*WHAT IS EXPECTED*
Please reproduce the entries below exactly from the line holding "This Star Trek" through the last line, both included, and omit any pictures.

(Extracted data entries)
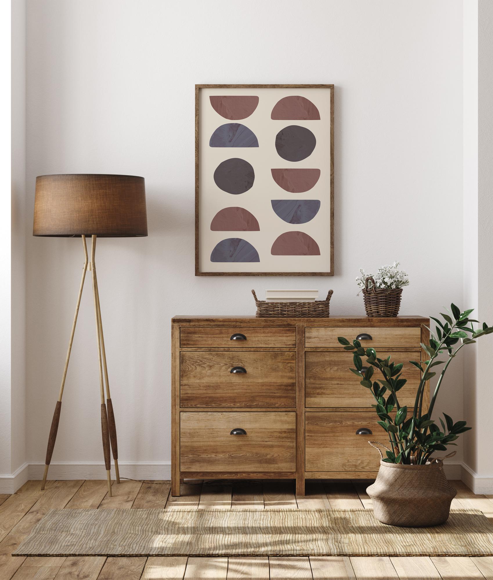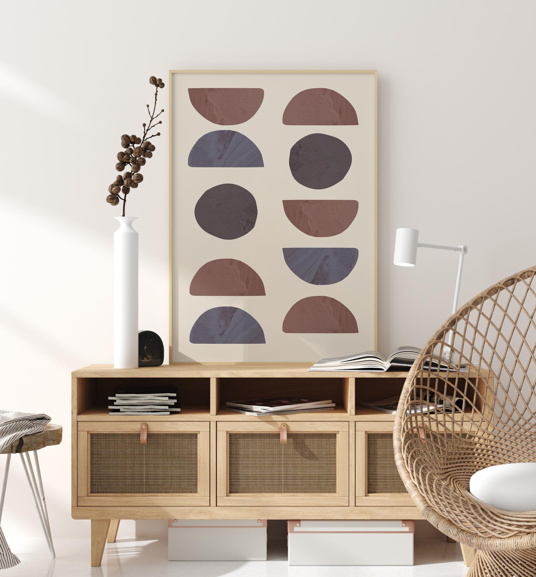 Abstraktus plakatas, užpildytas įvairiais pusapvaliais ir apskritimo formomis. Yra dvi eilės formų su skirtingais apskritimų ir pusapskritimų raštais, viskas įvairių mėlynos, pilkos ir raudonos atspalvių. Praskaidrinkite paprastą namų sieną šiomis geometrinėmis formomis.
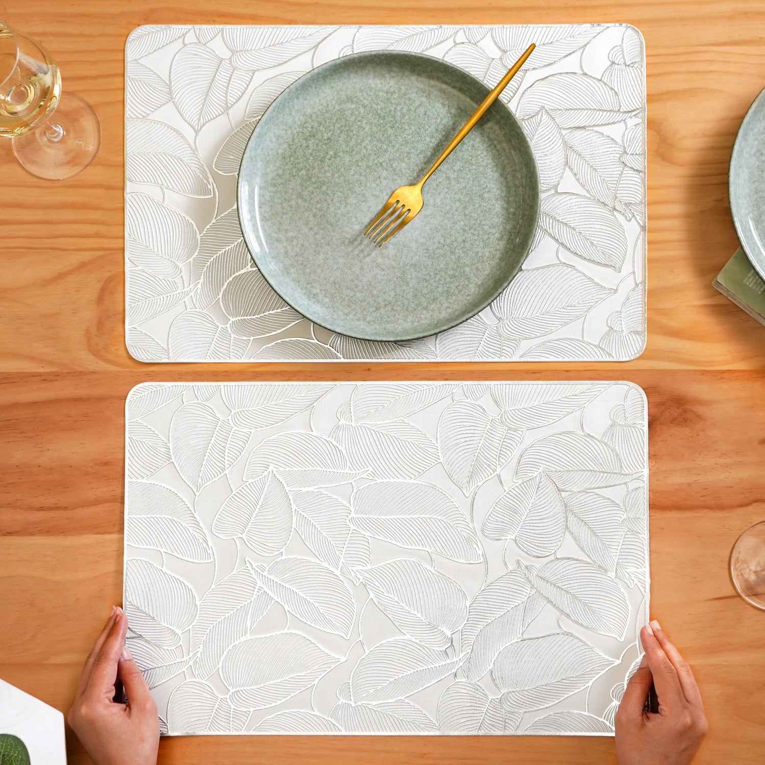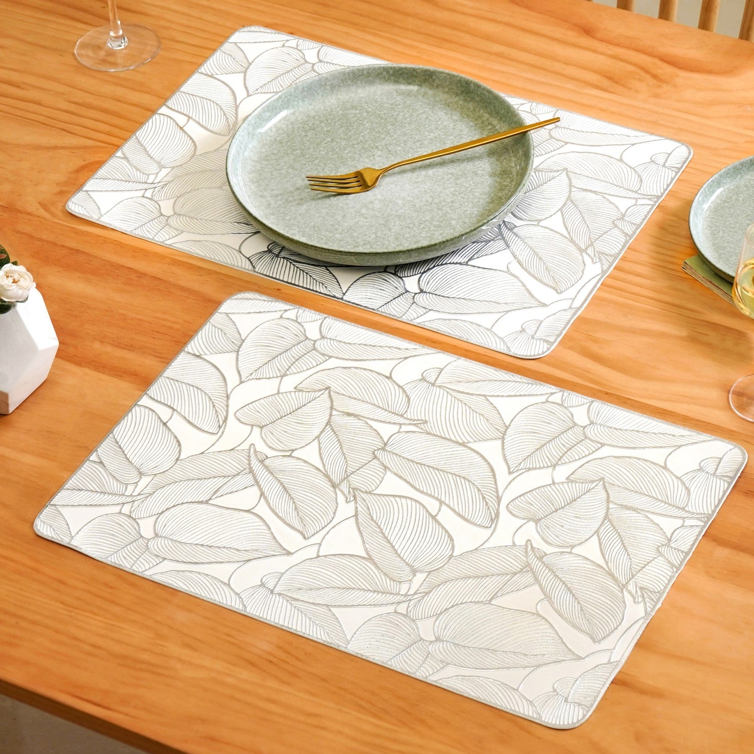 Benefits: Crafted from PVC, they're water-resistant, durable, and easy to clean. The rectangular shape offers wide coverage for plates and cutlery. The anti-slip texture keeps dishes steady and prevents clatter. These dining mats help avoid spills and scratches on your table. The leaf design adds visual appeal without overpowering your setup.
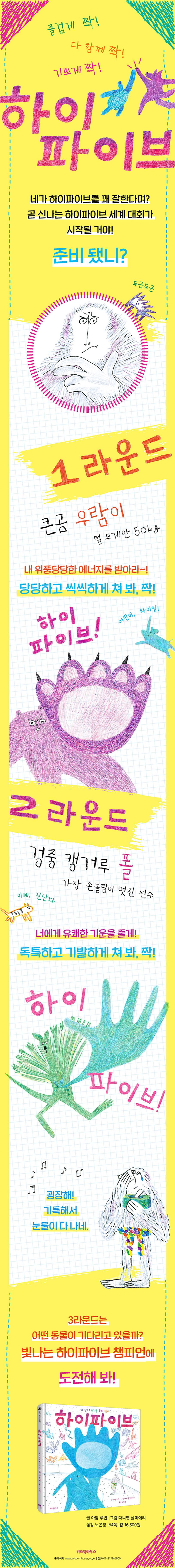 유쾌한 에너지를 주고받는 ‘하이파이브’! 이 책은 어린이 독자가 하이파이브 세계 대회에 참가해 라운드마다 동물 친구들과 신나는 하이파이브 대결을 펼치는 그림책이에요. 고릴라 사부님이 어린이 독자를 자연스럽게 책 속 주인공으로 초대하지요. 재미난 상상력으로 남들과는 다른 개성 넘치는 하이파이브를 시도해 보세요! 매 라운드에 도전할 때마다 어린이 독자는 즐거운 기분을 만끽할 수 있을 거예요. 신나고 활기찬 기운을 전하는 마법 같은 책! 준비 됐으면 함께 즐거운 기운을 나눠 보아요. 짝!
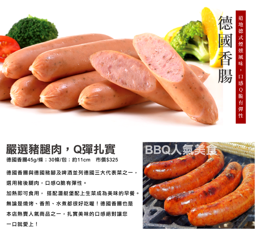 成份:豬肉〔台灣、加拿大(不含萊克多巴胺)〕、雞肉、膠原蛋白腸衣(牛來源)、 水、磷酸二澱粉、辛烯基丁二酸鈉澱粉、鹽、糖、胡椒、品質改良劑〔多磷酸鈉、焦磷酸鈉(無水)、偏磷酸鉀〕、煙燻粉(麥芽糊精、天然煙燻香料、二氧化矽)、抗氧化劑(異抗壞血酸鈉)、肉豆蔻粉、蒜、亞硝酸鈉
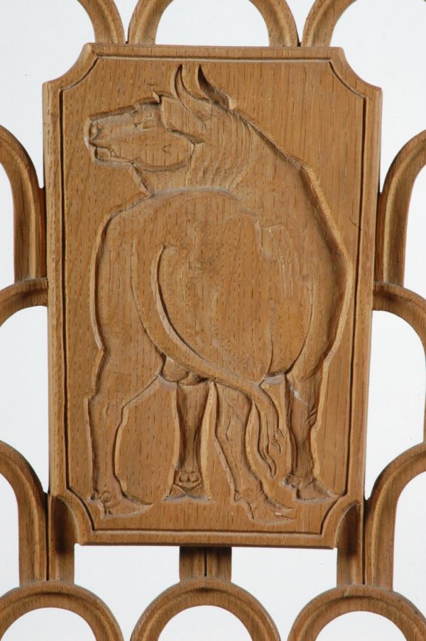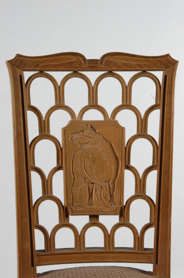 Pieds antérieurs à section carrée, à fond creux sculptés ; pieds postérieurs sabre à fond creux, entrejambe en double T. Ceinture carrée avec devanture à fond creux sculptée, et dés à rosace. Dossier concave évasé, avec encadrement à fond creux et listels arrondis ; la traverse supérieure chantournée, le panneau central découpé, ajouré d'arcades, avec au centre un panneau représentant un signe du Zodiaque (taureau).
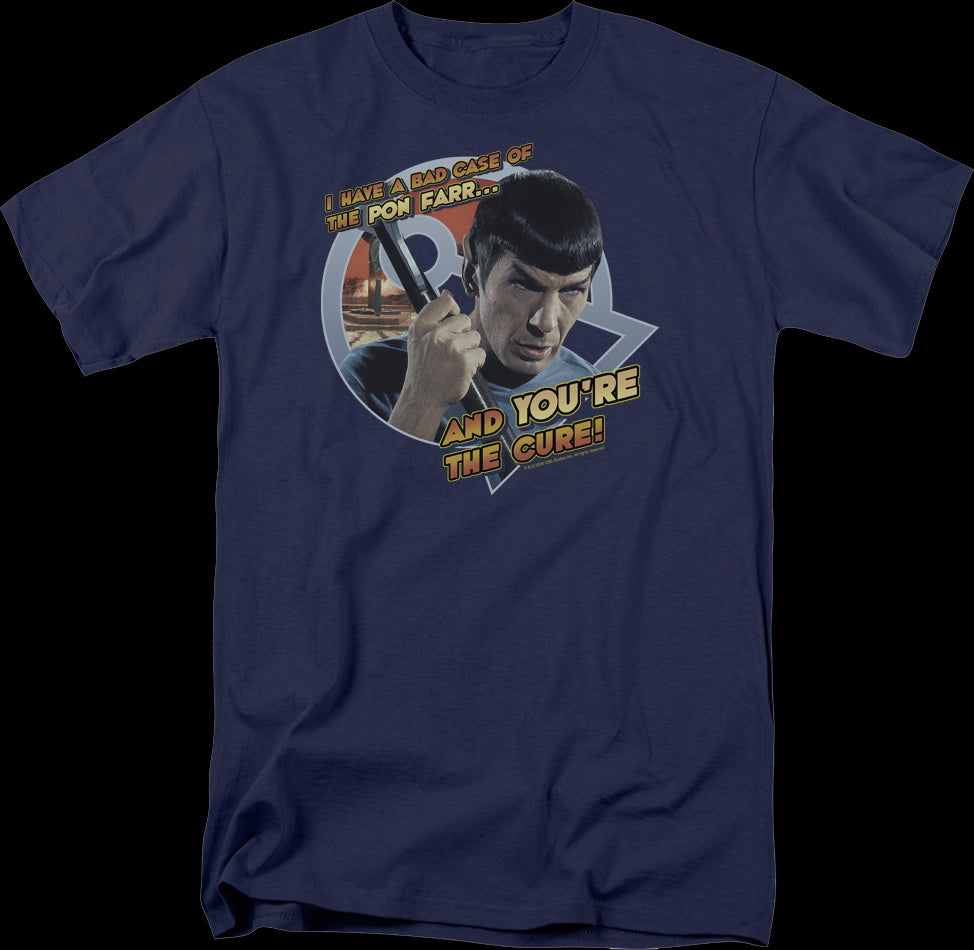 This Star Trek t-shirt features an image of Spock. The shirt reads I Have A Bad Case Of Pon Farr...And You're The Cure!
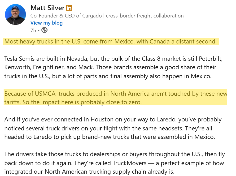 At the same time, Scott Oliphant, a Louisiana truck dealer, points out that under section 232, Mexico and Canada are still included, so U.S. fleets would feel the pinch.

*RESPONSE BOX*
 This Star Trek t-shirt features an image of Spock. The shirt reads I Have A Bad Case Of Pon Farr...And You're The Cure!
 At the same time, Scott Oliphant, a Louisiana truck dealer, points out that under section 232, Mexico and Canada are still included, so U.S. fleets would feel the pinch.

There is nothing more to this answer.